Здесь мы разработать методику, чтобы ограничить суб-мкм до диаметра мкм флуоресцентные шарики в фокальной плоскости очень близко к поверхности клеточной культуры в ПА геля. Гель обычно отверждают с помощью сэндвич Неполимеризованные раствор жидкий гель между двумя стеклянными пластинами. Одна из пластин функционализированные таким образом, что гель сильно прилипает к ней. Другой нефункционализованного и удаляется после гель лечения. Мы изменить этот съемный стакан всrface покрытием его слоем шариков. После сэндвич жидкий гель между функционализированного и бортового покрытием поверхности стекла, передача шарики с гелем, пока он отверждения. Это ограничивает расстояние интеграции шарики "в гель в течение 1,6 мкм от поверхности. Блюда с прозрачным дном Петри используются в качестве адгезивного поверхности, на которой гель отвержденной. Чтобы сформировать плоскую верхнюю поверхность геля при полимеризации, круговая скольжения стеклянная крышка используется для сэндвич гель с стеклянным дном чашки Петри. Перед изготовлением гель, сверху покровным стеклом покрывают поли-D-лизина (PDL), что дает положительный поверхностный заряд. PDL сдувается сжатым воздухом, и раствор шариков в воде, осаждается на покровных стеклах. Мы используем карбоксилированные флуоресцентные микрошарики, которые несут отрицательный заряд, и взаимодействовать с положительно заряженной поверхности, образованной путем обработки PDL. После продувки борта решение от покровного стекла сжатым воздухом, одного слоябусины остается электростатически соединен с сухим покровным стеклом. PDL покрытие не влияет на адгезию стекла к поверхности геля, как стеклышки не повреждены и удалены от ПА геля полностью нетронутыми.
Стеклянные дном чашки Петри изготовлены прилипший путем обработки 97% 3-аминопропил-trimethoxysliane и 0,5% глутарового альдегида. PA гели желаемых жесткости создаются путем смешивания соответствующих концентраций бис-акриламида и акриламида с помощью стандартной процедуры 9. Каплю раствора гель наноситс пипеткой на стеклянным дном чашки Петри.
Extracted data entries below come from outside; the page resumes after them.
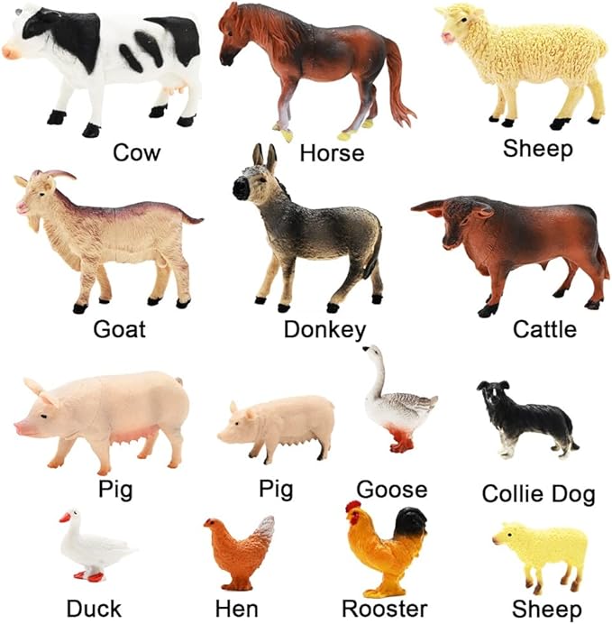 - šÆ LEARNING EDUCATIONAL TOY: They're also the great pretend play props, enhancing animals vocabulary, language skills, creative thinking and active cognitive learning through imaginative play. Realistic detailed farm animals are easy for toddler to distinguish, it's the good learning toys. Also this farm toys can also make away your kids from electronics which can protect their eyesight.
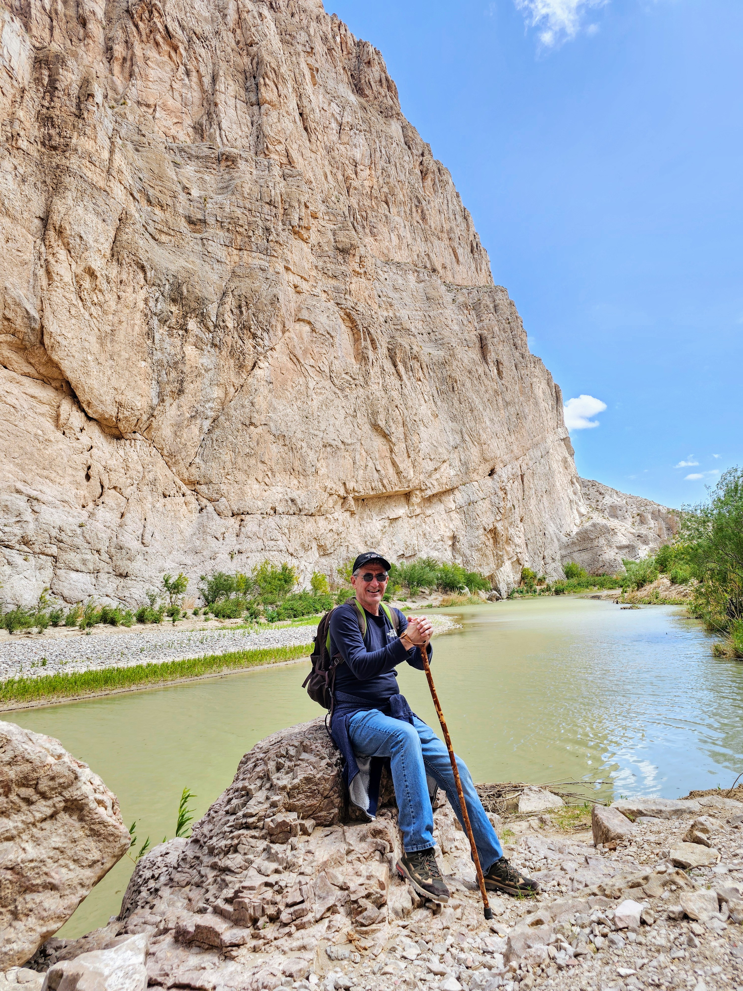 This was a two-mile round-trip trail located between sheer cliffs and towering rock walls with the sleepy Rio Grande River in between. The United States was on one side – Mexico was the on the other. The path led us through huge boulders and rocks until it ended on a sandy bank where the canyon wall met the river. What you see here is the narrowest point in the entire Santa Elena Canyon and it was a spectacular sight. It was very quiet. It was very peaceful. It was very easy to understand why this place was so popular. Gorgeous scenery!
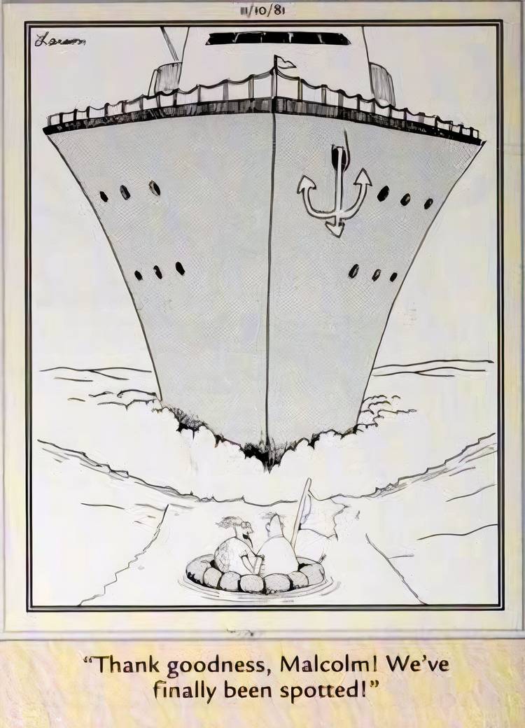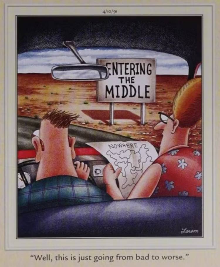 No hay nada peor que el momento en que la realidad se dedica a perderse. Los alrededores familiares comienzan a sentirse desconocidos, y ya no coinciden con ninguna de las coordenadas para el destino previsto. No podría ser más dolorosamente obvio que uno se perdió que si se explicara para ellos. Entonces, Gary Larson es exactamente lo que parece cuando todos los signos apuntan a la mitad de la nada. Es un medio irónico para ilustrar esa sensación universal de perderse.
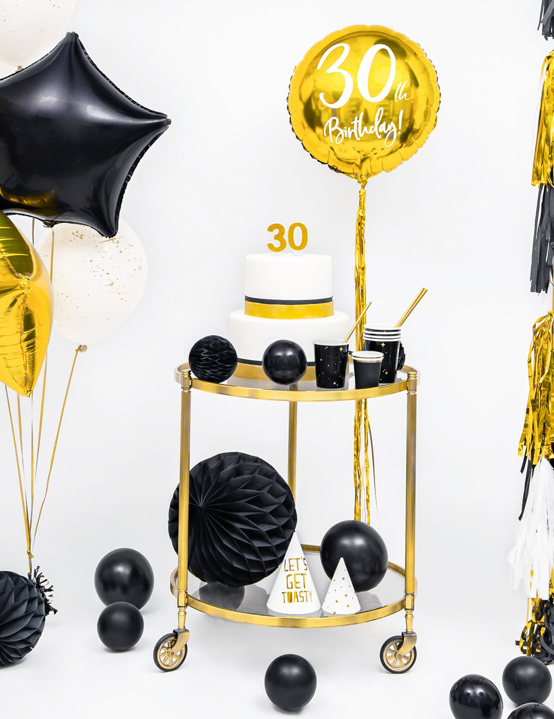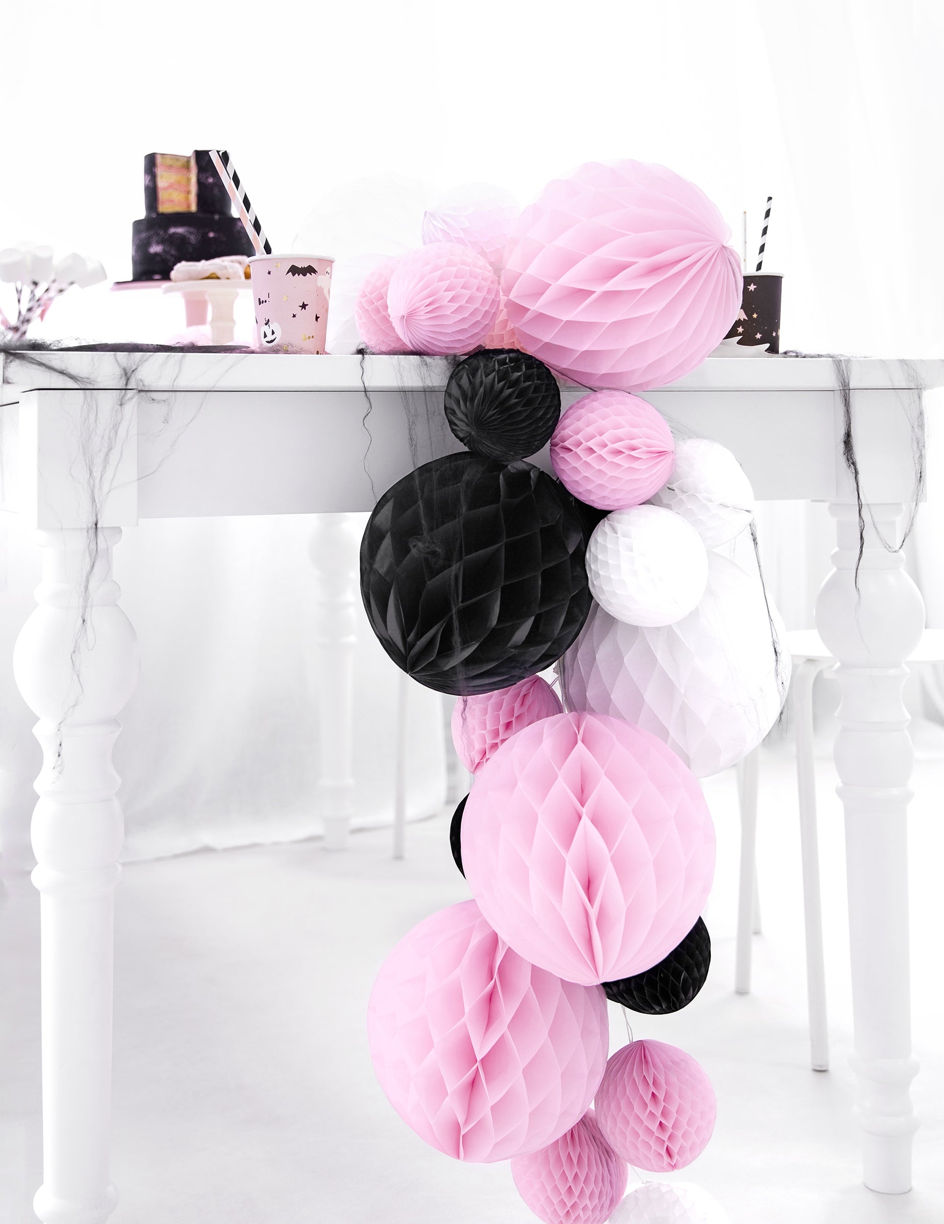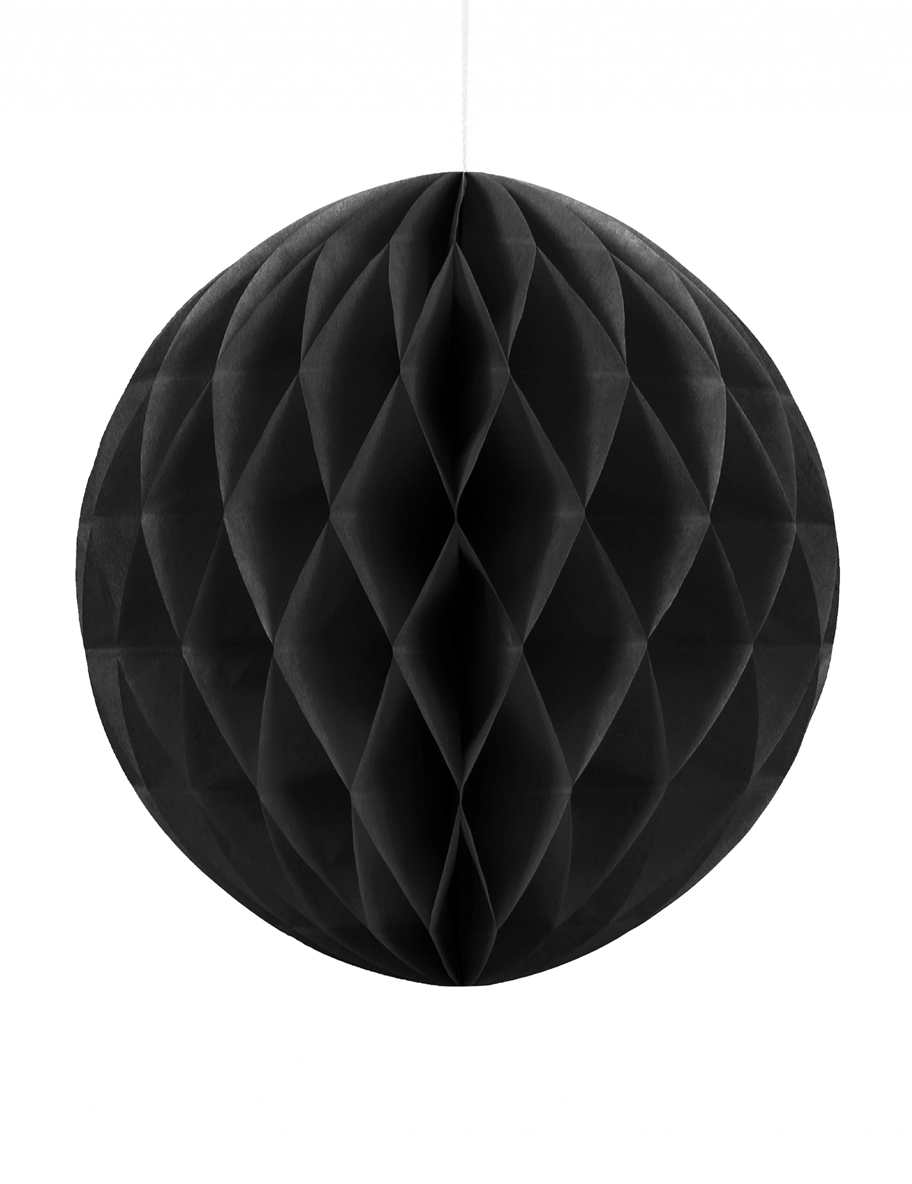 Това окачване е декоративна топка от около 20 см. Тя е в черна хартия за пчелна пита. Можете да го закачите благодарение на малка бяла струна. За вашата декорация на Хелоуин това окачване ще бъде перфектно на тавана, свързано с други черни и оранжеви топки. Уникално парти за брандиране
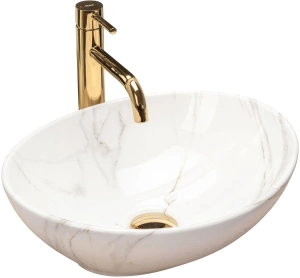 Раковина накладная Rea Belinda 46,5x33 белый с золотом (REA-U8736)
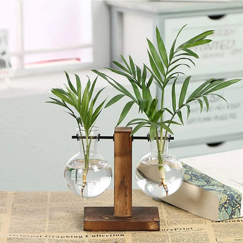 Стеклянная ваза, домашнее украшение, деревянная подставка, ваза, настольная креативная Гидропоника для дома, сада, офиса, свадебное украшение, креативный прозрачный

Скольжения стеклянная крышка, содержащий бусинки используется для сэндвич гель с чашки Петри. Когда гель отверждается, в верхней покровное стекло удаляется оставив шариков, погруженных в геле PA пределах 1,6 мкм от поверхности.
Изготовление и функционализации PA гели различной жесткости с люминесцентными микросфер встроенных вблизи поверхности клеточной культуры.
1 функционализирующими верхнее стекло покровные стекла
2 Подготовка PA гель непосредственно на стеклянным дном чашки Петри
3 функционализирующими PA гель с Фибронектин
4. Тяговое усилие Эксперименты
Конфокальной изображения была использована для определения, что шарики были действительно под поверхностью геля и количественной оценки их точное местоположение в пределах глубины гель. Флуоресцентные шарики с другой длиной волны, чем те, внутри геля давали осесть на поверхности, и р...
При использовании этого метода, важно, чтобы раствор шарик образом разводили и гранулы выбраны на основании желаемого диаметра, Пенсильвания гелевой основе жесткость, а размер шкалы явлений, которые исследовали в нужном эксперимента.
Внимание должно быть принято при р?...
Авторы заявляют, что они не имеют конкурирующие финансовые интересы.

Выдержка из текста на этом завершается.